И получал неизменный ответ:
- Гениально!
<...> при первом же выступлении читал с явным удовольствием и уверенностью крупного мастера. А этих выступлений и чтений было без пределов». [5: 658]
В театрализации футуристами творческого процесса и творческого поведения значение
H. Евреинова трудно переоценить: творческий акт превращался ими в зрелище, рассчитанное на живой контакт с аудиторией и активное ее восприятие; и в выступлениях на публике поэт становился «зрелищем», своего рода «театром». Знаменитое турне футуристов по России конца 1913-го - начала 1914-го года - это тоже своеобразный театр: театр как форма творческого поведения, по самой сути своей близкий площадному театру. Особое значение при этом приобретали футуристический грим и футуристический костюм, подобные театральным, даже превосходившие их по части зрелищности и эпатажа, хотя превзойти того же Н. Евреинова в вопросах декоративности было трудно, если вообще возможно. Во многом это объяснялось удачным выбором художников, с которыми он сотрудничал. Так, известно, что на протяжении нескольких лет Евреинов работал с необычайно талантливым художником их круга «Мира искусства» Н. калмаковым. Несмотря на то что искусство калмакова для футуристов были тем самым «прошлым», с которым они без сожаления расставались или, опять же без сожаления, расправлялись, тем не менее, борьба за зрелищность и декоративность за пределами театра и в театре шла на равных. Футуристический балаган с непременными его атрибутами - футуристическим костюмом и гримом - встраивался в реальность, устанавливая с нею прямой, непосредственный контакт с целью ее обновления и преображения; достигнутый же футуристами эффект театрализации жизни требовал, что называется, «обратного хода», возвращения к источнику - театру, нуждавшемуся, как и все искусство, в обновлении. И оно было осуществлено в футуристическом театре «Будетлянин» (1913), для которого идеи Н. Евреинова, его философия театра послужили прочным основанием; они же задали вектор дальнейших театральных поисков футуристов от просто зрелища к зрелищу преображенному, но это уже тема другого исследования.
Литература
I. Евреинов Н. Театр для себя: В 3-х ч.: Ч. II. Птг., 1916.
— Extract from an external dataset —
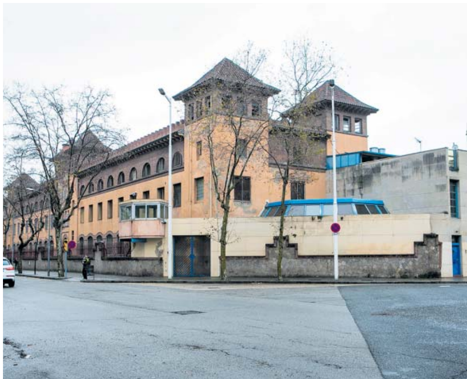
La prisión de Wad-Ras en la Vila Olímpica, que se cerrará en 2027. GENERALITAT DE CATALUNYA

UNA DE LAS NUEVAS cárceles será exclusiva para mujeres y tendrá espacios de crianza

2. Евреинов Н.Н. Театр как таковой. М., 1923.
3. Зноско-Боровский Е.А. Русский театр начала ХХ века. Прага, 1925.
4. Каменский В. Книга о Евреинове. Пг., 1917.
5. Поэзия русского футуризма / Вступ. ст. В.Н. Альфонсова, сост. и подгот. текста В.Н. Альфонсова и С.Р. Кра-сицкого. СПб., 1999. 752 с.
6. Семкин А.Д. Театр для себя Николая Евреинова // Нева. СПб., 2005. № 7.
7. Смирнов И.П. Смысл как таковой. СПб., 2001. 346 с.
8. Хлебников В. Собрание произведений в 5-ти т. Т. 5. Л., 1933.